Entries taken from a collection ->
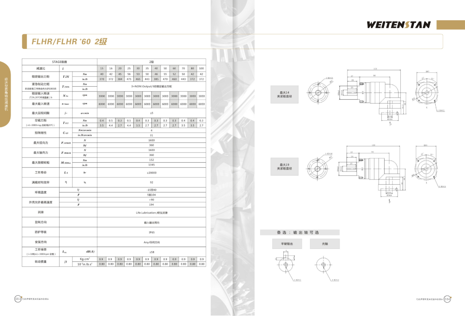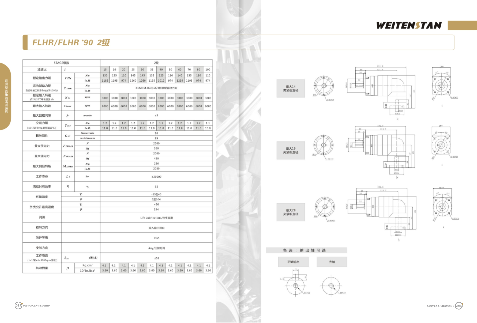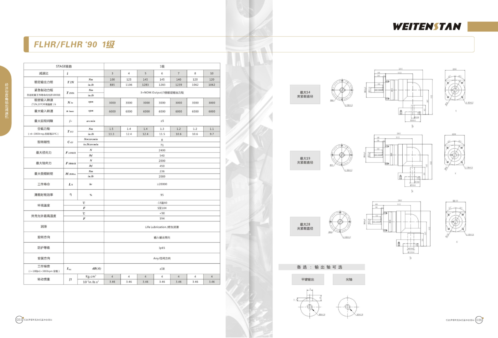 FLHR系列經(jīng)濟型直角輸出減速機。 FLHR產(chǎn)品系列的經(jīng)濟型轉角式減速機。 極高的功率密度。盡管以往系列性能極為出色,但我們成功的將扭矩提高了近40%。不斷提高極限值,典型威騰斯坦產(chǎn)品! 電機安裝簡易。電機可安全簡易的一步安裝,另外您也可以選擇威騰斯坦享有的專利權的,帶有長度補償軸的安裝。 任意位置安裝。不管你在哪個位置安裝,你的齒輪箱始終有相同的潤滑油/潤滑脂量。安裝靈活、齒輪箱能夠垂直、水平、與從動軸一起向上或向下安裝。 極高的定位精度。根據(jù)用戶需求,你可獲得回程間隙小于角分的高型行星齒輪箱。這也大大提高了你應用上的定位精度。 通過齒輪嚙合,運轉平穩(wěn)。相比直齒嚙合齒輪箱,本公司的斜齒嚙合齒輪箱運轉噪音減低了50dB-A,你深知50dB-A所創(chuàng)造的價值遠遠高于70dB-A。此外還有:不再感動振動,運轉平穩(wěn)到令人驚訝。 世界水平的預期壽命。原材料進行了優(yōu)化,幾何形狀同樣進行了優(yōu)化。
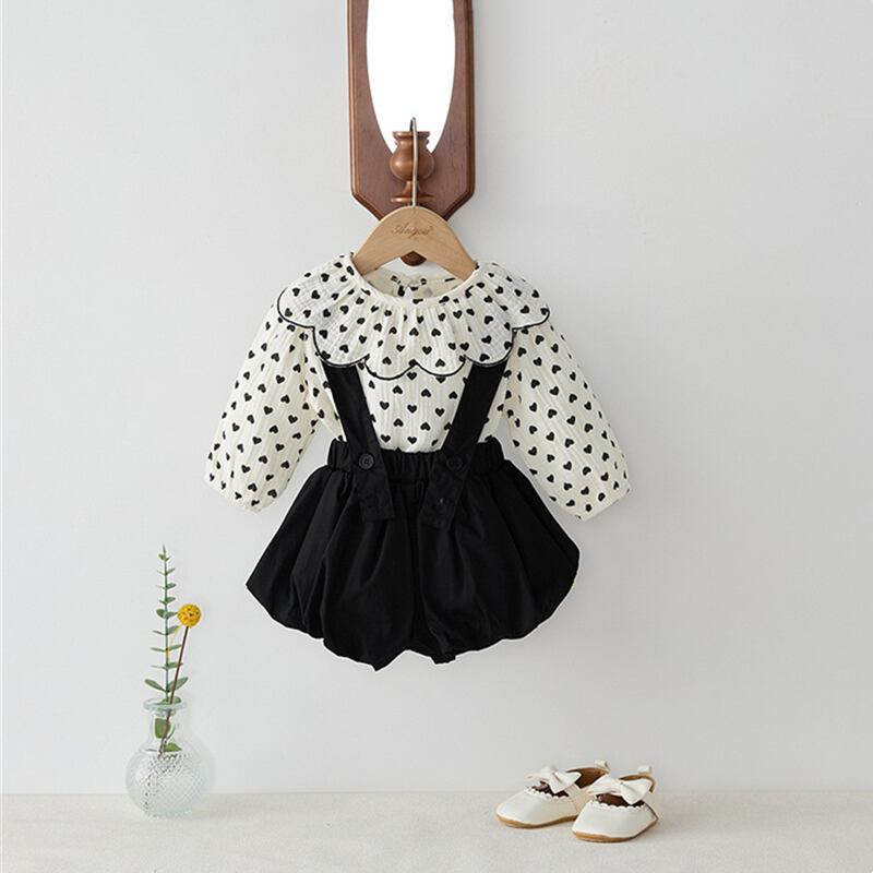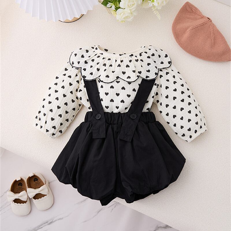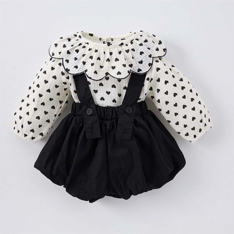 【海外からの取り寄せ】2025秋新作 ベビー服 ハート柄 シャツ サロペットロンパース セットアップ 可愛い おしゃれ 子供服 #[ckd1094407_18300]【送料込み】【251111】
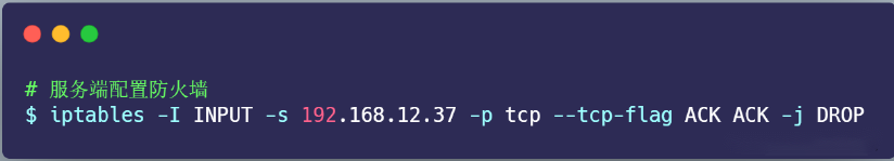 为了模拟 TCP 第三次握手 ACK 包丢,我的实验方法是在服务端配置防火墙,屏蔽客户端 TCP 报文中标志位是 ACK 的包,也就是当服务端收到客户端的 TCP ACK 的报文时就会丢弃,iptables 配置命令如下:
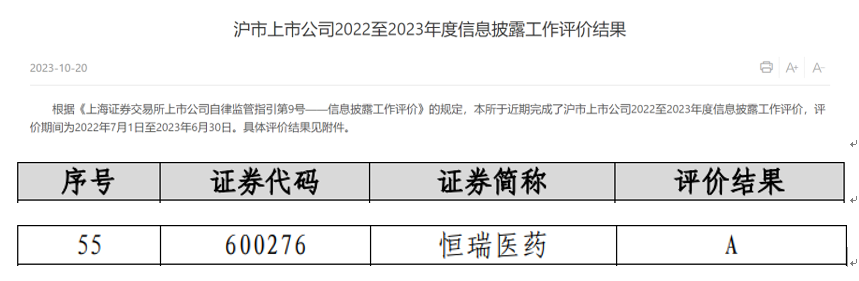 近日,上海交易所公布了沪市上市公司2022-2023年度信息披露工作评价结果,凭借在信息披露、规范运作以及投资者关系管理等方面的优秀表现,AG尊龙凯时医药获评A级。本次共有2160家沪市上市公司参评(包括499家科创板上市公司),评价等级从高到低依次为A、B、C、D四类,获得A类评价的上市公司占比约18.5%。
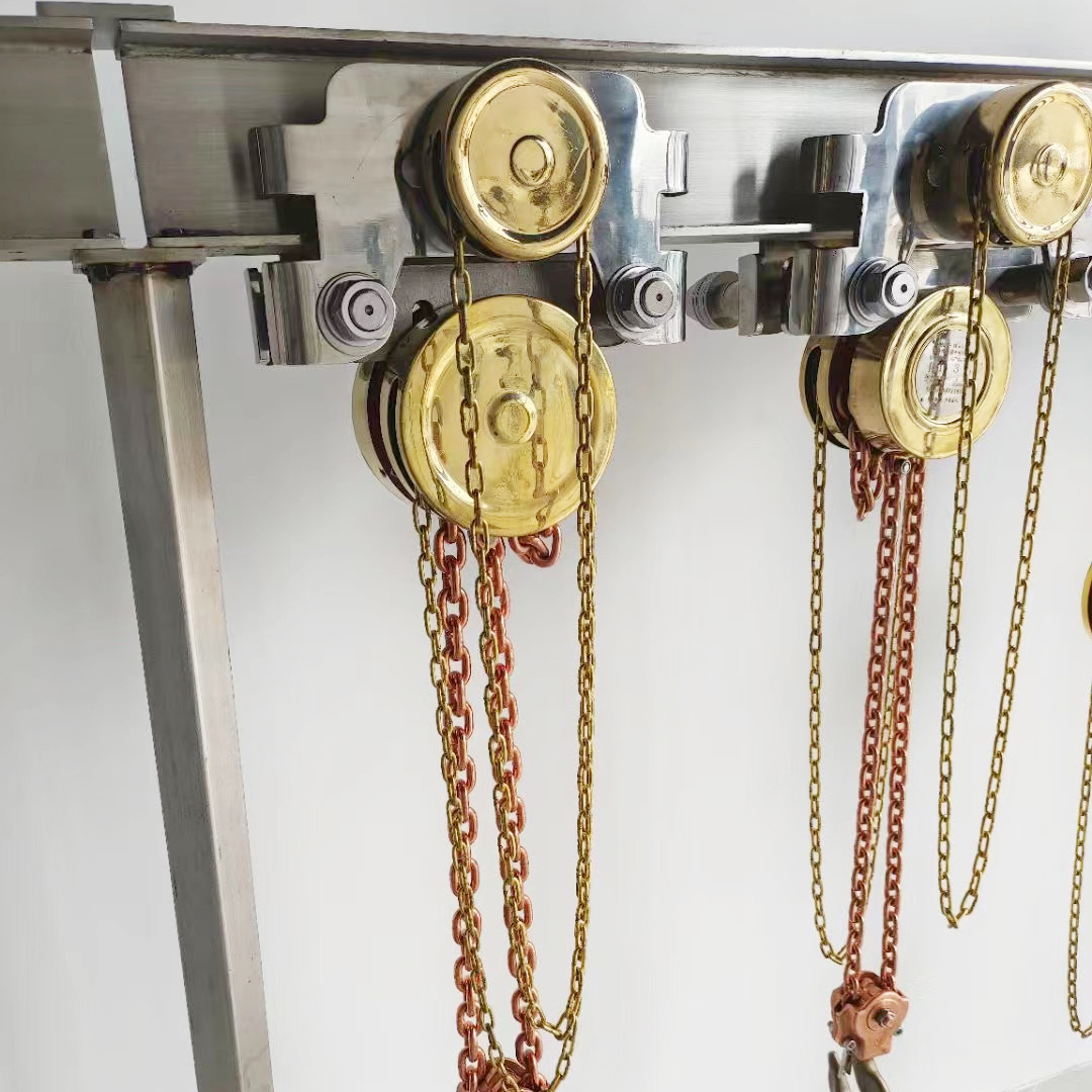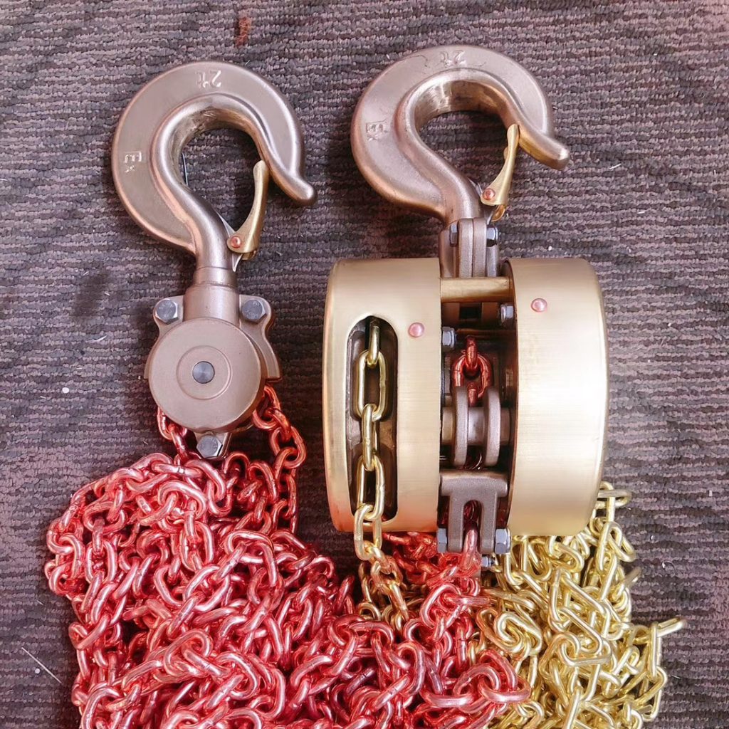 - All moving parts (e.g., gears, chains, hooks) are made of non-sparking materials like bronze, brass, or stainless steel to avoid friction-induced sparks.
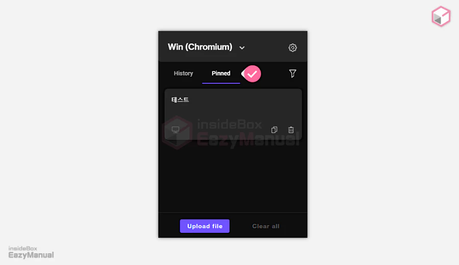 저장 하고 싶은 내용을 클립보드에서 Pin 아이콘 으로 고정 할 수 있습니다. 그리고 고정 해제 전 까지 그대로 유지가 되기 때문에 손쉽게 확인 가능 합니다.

INSTRUCTIONS FOR THE TASK -> Only the lines from the one containing "近日,上海交易所公布了沪市上" through the end of the records above should be retyped, exactly as they stand, with any pictures left out.

ANSWER TO THIS EXERCISE ->
 近日,上海交易所公布了沪市上市公司2022-2023年度信息披露工作评价结果,凭借在信息披露、规范运作以及投资者关系管理等方面的优秀表现,AG尊龙凯时医药获评A级。本次共有2160家沪市上市公司参评(包括499家科创板上市公司),评价等级从高到低依次为A、B、C、D四类,获得A类评价的上市公司占比约18.5%。
 - All moving parts (e.g., gears, chains, hooks) are made of non-sparking materials like bronze, brass, or stainless steel to avoid friction-induced sparks.
 저장 하고 싶은 내용을 클립보드에서 Pin 아이콘 으로 고정 할 수 있습니다. 그리고 고정 해제 전 까지 그대로 유지가 되기 때문에 손쉽게 확인 가능 합니다.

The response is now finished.